The fluctuation in $y(t)$ because of one-sample-time delay introduced by the mem component is apparent. The smaller the step size is, the smaller the amplitude of the fluctuation introduced by the mem component.

One other important issue with using the memory component is that the initial value of mem directly affects the accuracy of the simulation. By solving the loop equation, we know that

\[ y(t) = \dfrac{r(t)}{2} = \dfrac{t}{2} \quad \Rightarrow \quad y(0) = 0\]

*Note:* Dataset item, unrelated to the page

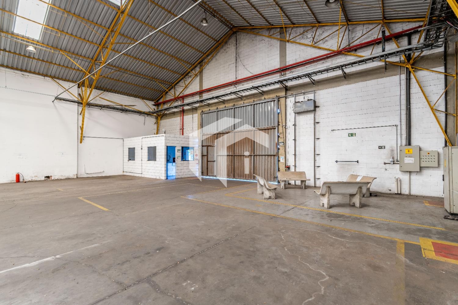 Vestiários disponíveis em ambos os galpões.

That is the memory should be initialized with an initial value of zero, which is the case in the script above. To observe that how incorrect initialization of a memory to break an algebraic loop, consider the following example in which memory is initialized randomly.

using Jusdl

# Construct the model
ti, dt, tf = 0, 1 / 64, 1.
model = Model(clock=Clock(ti, dt, tf))

# Adding nodes to model
addnode(model, RampGenerator(), label=:gen)
addnode(model, Adder((+, -)), label=:adder)
addnode(model, Gain(), label=:gain)
addnode(model, Memory(dt, t0=tf, dt=dt, initial=rand(1)), label=:mem)
addnode(model, Writer(Inport(2)), label=:writer)
addbranch(model, :gen => :adder, 1 => 1)
addbranch(model, :adder => :gain, 1 => 1)
addbranch(model, :gain => :mem, 1 => 1)
addbranch(model, :mem => :adder, 1 => 2)
addbranch(model, :gen => :writer, 1 => 1)
addbranch(model, :gain => :writer, 1 => 2)

# Simulate the model
sim = simulate(model)

# Plot the results
using Plots; pyplot()
t, x = read(getnode(model, :writer).component)
plot(t, x[:, 1], label="r(t)", marker=(:circle, 1))
plot!(t, x[:, 2], label="y(t)", marker=(:circle, 1))
[ Info: 2020-05-04T01:46:03.162 Started simulation...
[ Info: 2020-05-04T01:46:03.162 Inspecting model...
┌ Info: 	The model has algrebraic loops:[[2, 3, 4]]
└ 		Trying to break these loops...
[ Info: 	Loop [2, 3, 4] has a Memory component.  The loops is broken
[ Info: 2020-05-04T01:46:03.163 Done.
[ Info: 2020-05-04T01:46:03.163 Initializing the model...
[ Info: 2020-05-04T01:46:03.163 Done...
[ Info: 2020-05-04T01:46:03.163 Running the simulation...
[ Info: 2020-05-04T01:46:03.2 Done...
[ Info: 2020-05-04T01:46:03.2 Terminating the simulation...
[ Info: 2020-05-04T01:46:03.202 Done.